Graphene Polymer Nanocomposites


Nanocomposite materials using exfoliated layered fillers have been known for over 60 years with polymer nanocomposites exhibiting substantial property improvements at much lower loadings than conventional micron-sized fillers such as glass and carbon fibres. This offers the possibility of reduced component weight and simplified processing.

It has also been recognised for some time that graphene has impressive mechanical properties and it should come as no surprise that addition of such a filler leads to significant improvement in the corresponding properties of the polymer matrix. Improved elastic modulus, crack resistance and fatigue resistance, for example, are complemented by modifications to other useful properties such as thermal and electrical conductivity and barrier behaviour.

University of Manchester researchers have established a method for polymer nanocomposite production using non-functionalised graphene. For a nanocomposite to have high strength, there must be a good degree of bonding between the base polymer and the graphene to allow transfer of stress into the graphene. Increasing the size of the graphene sheets improves the reinforcement of the nanocomposite as does the use of multi-layer graphene. This technology could lead to the production of cost effective, high-strength graphene nanocomposites.

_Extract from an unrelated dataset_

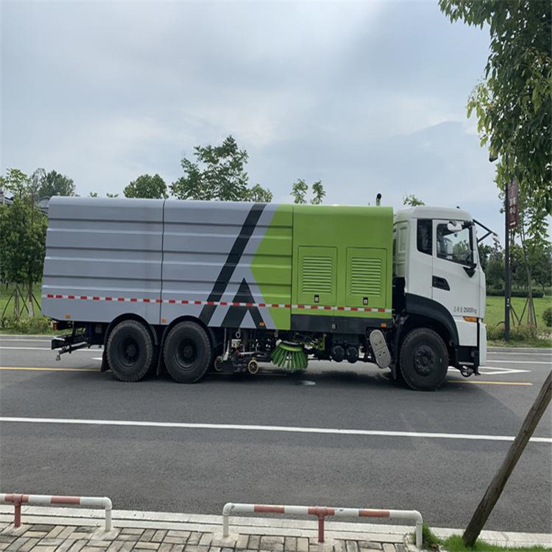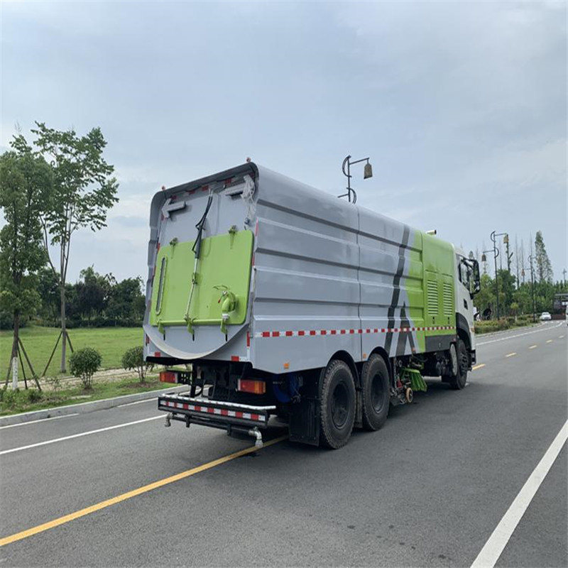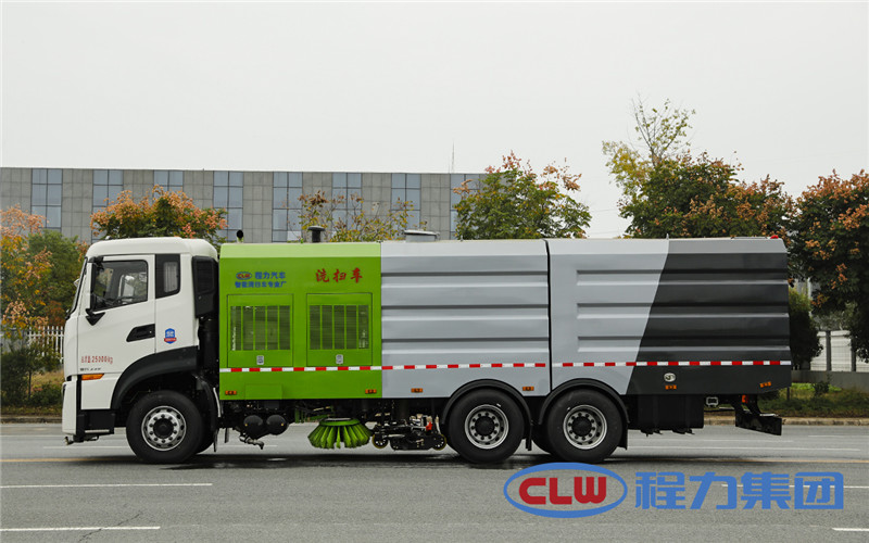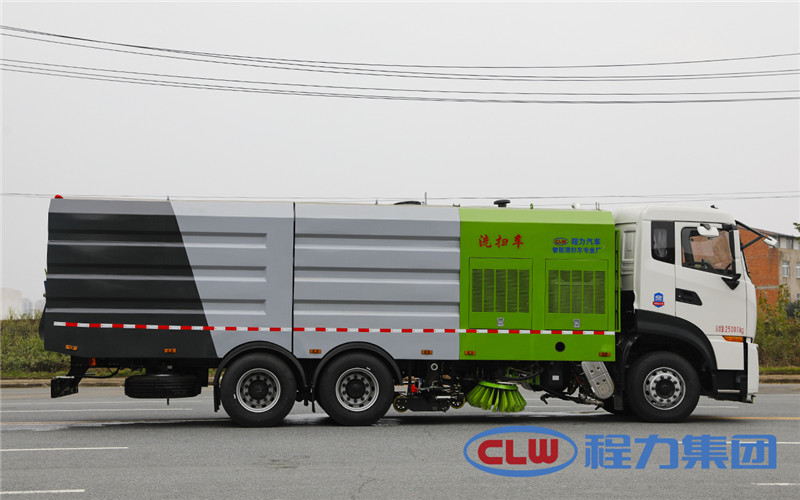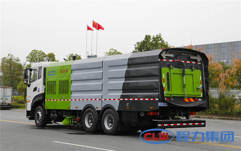 東風天龍洗掃車副發動機驅動風機和高壓水泵,副發動機采用東風康明期6缸柴油發動機。 風機用8.0高壓離心風機,效率高、風量大,最高風量達23500m3/h。 東風天龍洗掃車高壓水泵采用同際知名T7012IR 型柱塞柱,流量合適,壓力高,允許最高壓力達10MPa,清水箱充分利用了車載空間,容積大,容積達12m3。 東風天龍洗掃車垃圾箱采用單層不銹鋼結構,傾翻卸料,帶高壓位自潔裝置。自潔裝置可在垃圾箱卸料時幫助卸料,清洗垃圾箱內部。 東風天龍洗掃車左右立掃為單掃盤,減少了掃刷數量和掃刷消耗量,能降低使用成本。左右立掃分開控制,可實現左掃、右掃和全掃等不同作業模式。寬吸嘴的吸口寬度達到2418mm,確保作業總寬度大于3.5mm。 湖北程力國六東風天龍后雙橋大型洗掃4個高度可調的吸嘴輪,能方面調整和保證吸嘴與路面間的合理間隙。吸嘴內高有噴水桿,盡可能多地將高壓洗滌噴嘴布置在吸嘴內部,不但清洗效果好,還能最大限度減少高壓水氣流沖起污物產生的二次污染。左右噴水桿安裝在吸嘴上,隨吸嘴升降,結構簡單緊湊,保證噴水桿的離地高度固定不變,達到最佳清洗效果。 東風天龍洗掃車開式液壓系統驅動左右立掃升降、左右掃肋旋轉、吸嘴升降、垃圾箱后門開閉、垃圾箱傾翻復位等機械動作。底盤變速箱側取力器驅動低壓水泵,實現灑水車的低壓沖洗功能。一鍵式作業起動和停機操作。 東風天龍大型洗掃車具有路面清洗、路面清掃、路緣清洗、路緣和路緣石立面洗刷、低壓沖洗、噴霧除塵等多功能。有“全洗掃”、 “左洗掃”、 “右洗掃”、 “全掃”、 “左掃”、 “右掃”6種作業模式可選擇。選擇“全洗掃”模式清洗廣場和路面,清洗效率高效果好,洗凈率達90%以上。選擇“左洗掃”或“右洗掃”模式清洗路面和路緣、洗刷路緣石立面。需要進行路面清掃或路面保潔作業時,可選擇掃路模式。需要噴霧除塵時,可開啟噴霧裝置,進行噴霧除塵作業?梢韵駷⑺囈粯訉β访孢M行低壓沖洗作業。 東風天龍大型洗掃車適用于城市道路、高速公路、廣場、機場、碼頭、遂道、橋梁、隔離墻避、路緣和路緣石立面的機械化清洗、清掃、噴霧降塵等清潔作業。

It has been discovered that 2- to 7-layer graphene can demonstrate similar, or even superior, reinforcement of a nanocomposite compared to single-layer graphene. Two-layer graphene returns approximately the same improvement in elastic modulus as single-layer graphene, while graphene up to 7 layers thick only has a 50% reduction in enhancement. Multi-layer graphene disperses easily into the host material and gives reinforcement to the polymer matrix by transferring or releasing stresses. It can be added in higher densities than singlelayer graphene and the results indicate that enhancements to the strength of the material result in a cost saving and very low discolouration of the matrix.

Graphene nanocomposites can be also used to report stress changes in composite systems, which gives potential for use as advanced sensors in several areas.


  • Widespread use of polymers offers multiple opportunities for exploitation.
  • Low graphene dosage required to yield improved material properties.
  • Reducing cost of graphene will aid upscaling this technology.
  • Multilayer graphene is already cheaper to produce than single-layer graphene.
  • Higher density of multi-layer graphene allows higher dosing, and stronger nanocomposites.
  • Opportunity to use other 2D materials, such as tungsten disulphide (WS2) and molybdenum disulphide (MoS2) to achieve additional property improvements.


  • Mechanical load-bearing structures.
  • Protective coatings.
  • High performance sports equipment.
  • Automotive tyres and high-strength brake pads with a high thermal conductivity.
  • Healthcare – e.g. prophylactics, prosthetics and bone implants.
  • Strain sensing – in areas such as: aeronautical, automotive and construction panelling, defence, and pipes for water and gas.
  • Optical filters – altering graphene content to obtain required transparency.
  • Electronics – production of conductive polymers and transistors.
  • 3D printing – printing of mechanically strong structures.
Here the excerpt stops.